Extracted records
·····
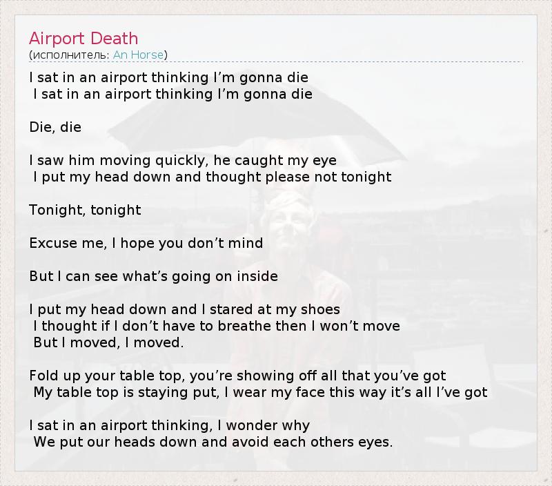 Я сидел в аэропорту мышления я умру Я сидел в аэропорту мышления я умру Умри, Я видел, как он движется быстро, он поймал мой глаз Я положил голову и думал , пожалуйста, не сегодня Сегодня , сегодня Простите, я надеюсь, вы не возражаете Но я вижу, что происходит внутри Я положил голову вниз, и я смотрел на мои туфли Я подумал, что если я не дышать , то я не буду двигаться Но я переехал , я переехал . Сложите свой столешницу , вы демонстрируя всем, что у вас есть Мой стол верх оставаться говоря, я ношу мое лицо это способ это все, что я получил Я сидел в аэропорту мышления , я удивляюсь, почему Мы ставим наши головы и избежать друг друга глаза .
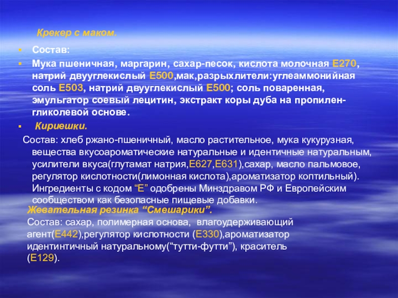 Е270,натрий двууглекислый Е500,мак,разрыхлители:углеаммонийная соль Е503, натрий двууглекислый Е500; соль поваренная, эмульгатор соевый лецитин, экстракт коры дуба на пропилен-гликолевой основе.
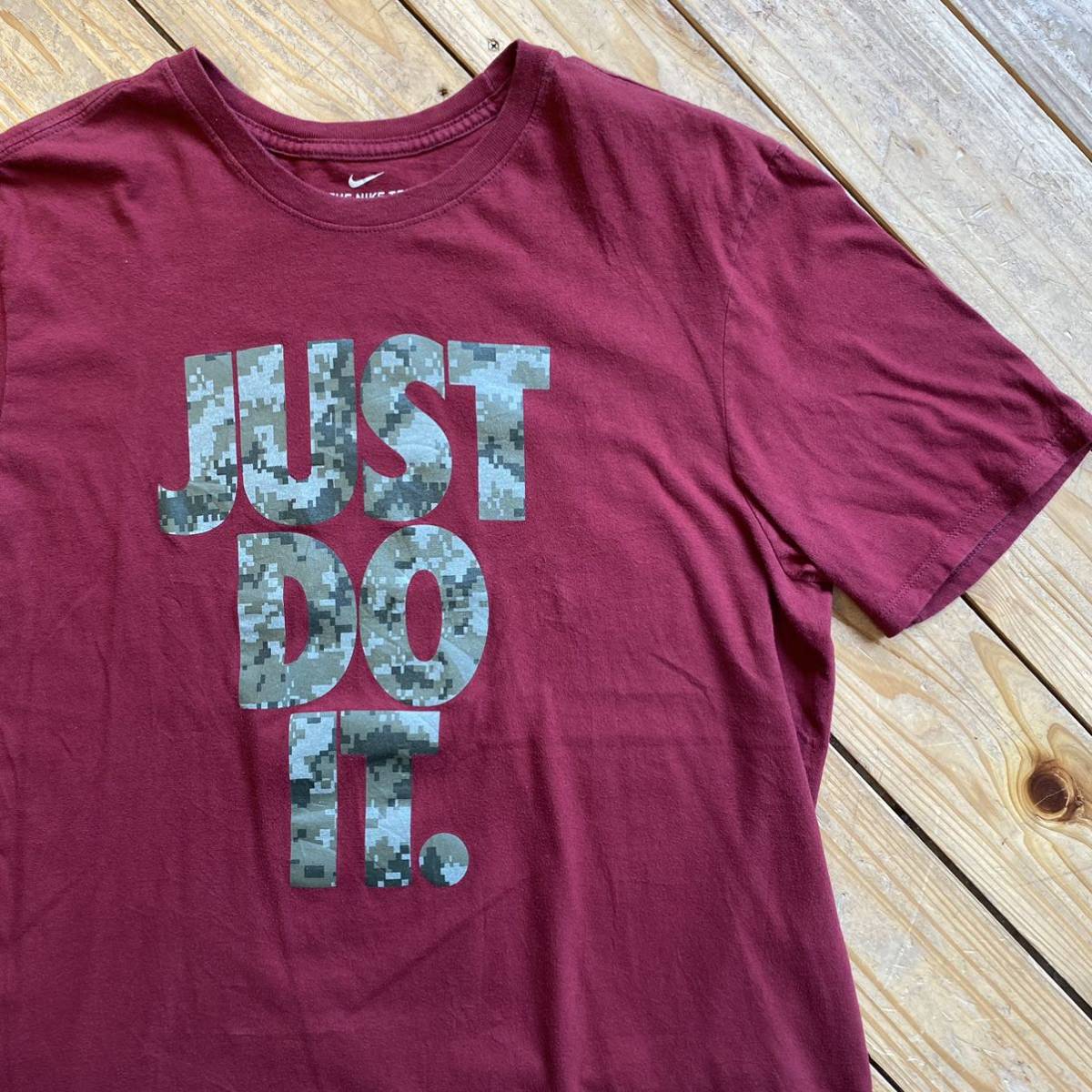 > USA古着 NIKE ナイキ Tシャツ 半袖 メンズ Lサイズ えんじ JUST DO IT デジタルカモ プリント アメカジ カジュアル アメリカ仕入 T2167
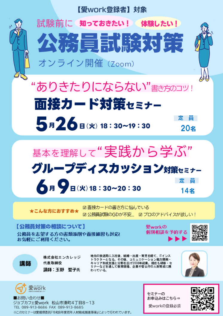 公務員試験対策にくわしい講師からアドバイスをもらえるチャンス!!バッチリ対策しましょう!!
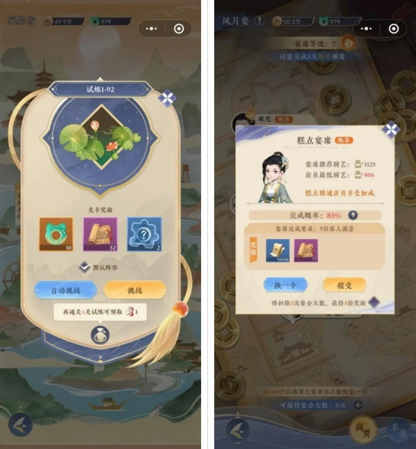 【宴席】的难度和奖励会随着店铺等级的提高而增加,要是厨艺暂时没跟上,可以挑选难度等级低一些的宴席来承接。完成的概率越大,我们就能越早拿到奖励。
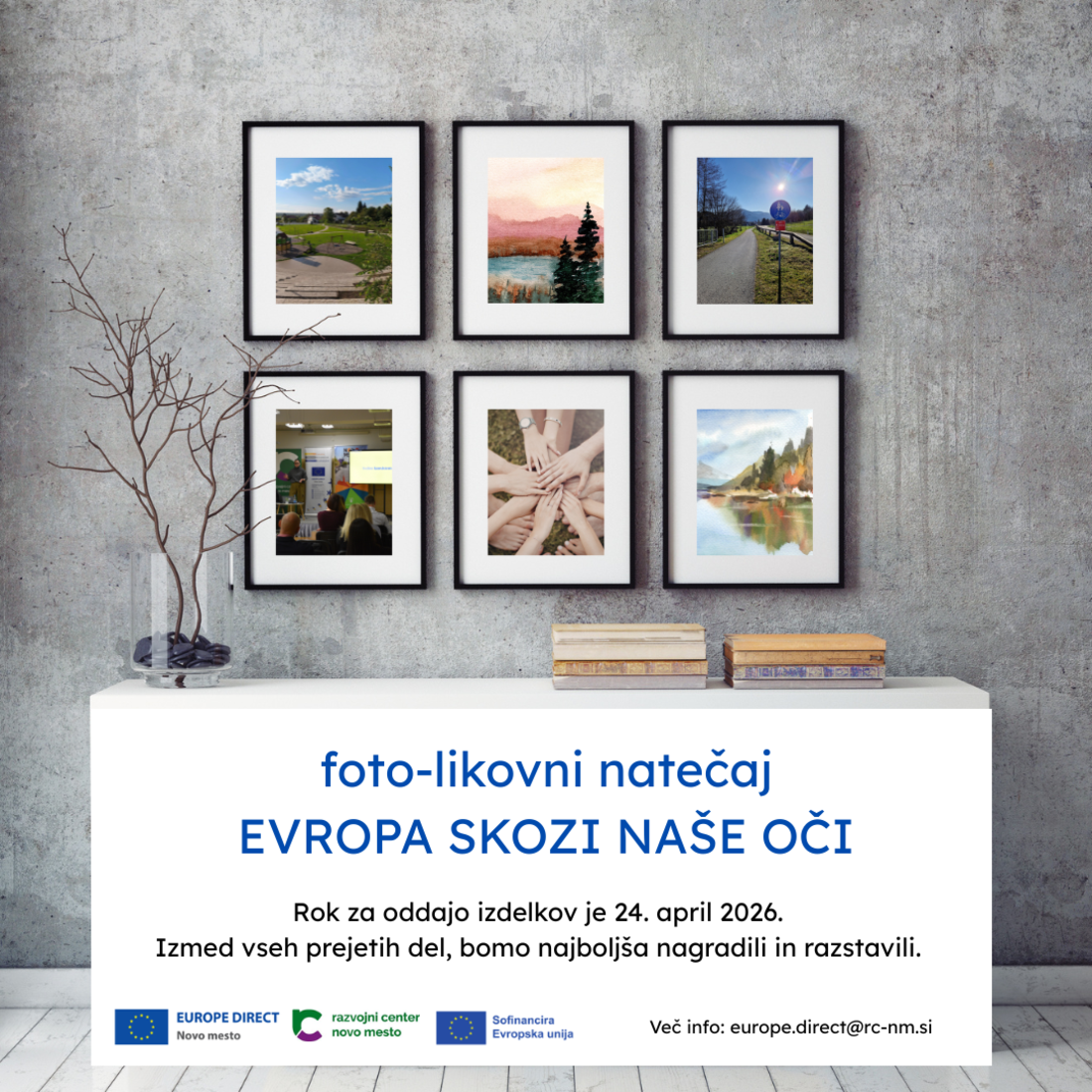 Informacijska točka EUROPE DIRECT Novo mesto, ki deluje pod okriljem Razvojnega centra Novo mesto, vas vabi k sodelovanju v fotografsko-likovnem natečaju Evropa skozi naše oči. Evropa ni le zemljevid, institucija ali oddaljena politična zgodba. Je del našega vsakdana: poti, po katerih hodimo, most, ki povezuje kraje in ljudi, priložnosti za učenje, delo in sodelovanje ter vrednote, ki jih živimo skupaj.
·····
_Your objective_
Across all the lines above, repeat the wording exactly and omit the pictures.

_Exercise result_
 Я сидел в аэропорту мышления я умру Я сидел в аэропорту мышления я умру Умри, Я видел, как он движется быстро, он поймал мой глаз Я положил голову и думал , пожалуйста, не сегодня Сегодня , сегодня Простите, я надеюсь, вы не возражаете Но я вижу, что происходит внутри Я положил голову вниз, и я смотрел на мои туфли Я подумал, что если я не дышать , то я не буду двигаться Но я переехал , я переехал . Сложите свой столешницу , вы демонстрируя всем, что у вас есть Мой стол верх оставаться говоря, я ношу мое лицо это способ это все, что я получил Я сидел в аэропорту мышления , я удивляюсь, почему Мы ставим наши головы и избежать друг друга глаза .
 Е270,натрий двууглекислый Е500,мак,разрыхлители:углеаммонийная соль Е503, натрий двууглекислый Е500; соль поваренная, эмульгатор соевый лецитин, экстракт коры дуба на пропилен-гликолевой основе.
 > USA古着 NIKE ナイキ Tシャツ 半袖 メンズ Lサイズ えんじ JUST DO IT デジタルカモ プリント アメカジ カジュアル アメリカ仕入 T2167
 公務員試験対策にくわしい講師からアドバイスをもらえるチャンス!!バッチリ対策しましょう!!
 【宴席】的难度和奖励会随着店铺等级的提高而增加,要是厨艺暂时没跟上,可以挑选难度等级低一些的宴席来承接。完成的概率越大,我们就能越早拿到奖励。
 Informacijska točka EUROPE DIRECT Novo mesto, ki deluje pod okriljem Razvojnega centra Novo mesto, vas vabi k sodelovanju v fotografsko-likovnem natečaju Evropa skozi naše oči. Evropa ni le zemljevid, institucija ali oddaljena politična zgodba. Je del našega vsakdana: poti, po katerih hodimo, most, ki povezuje kraje in ljudi, priložnosti za učenje, delo in sodelovanje ter vrednote, ki jih živimo skupaj.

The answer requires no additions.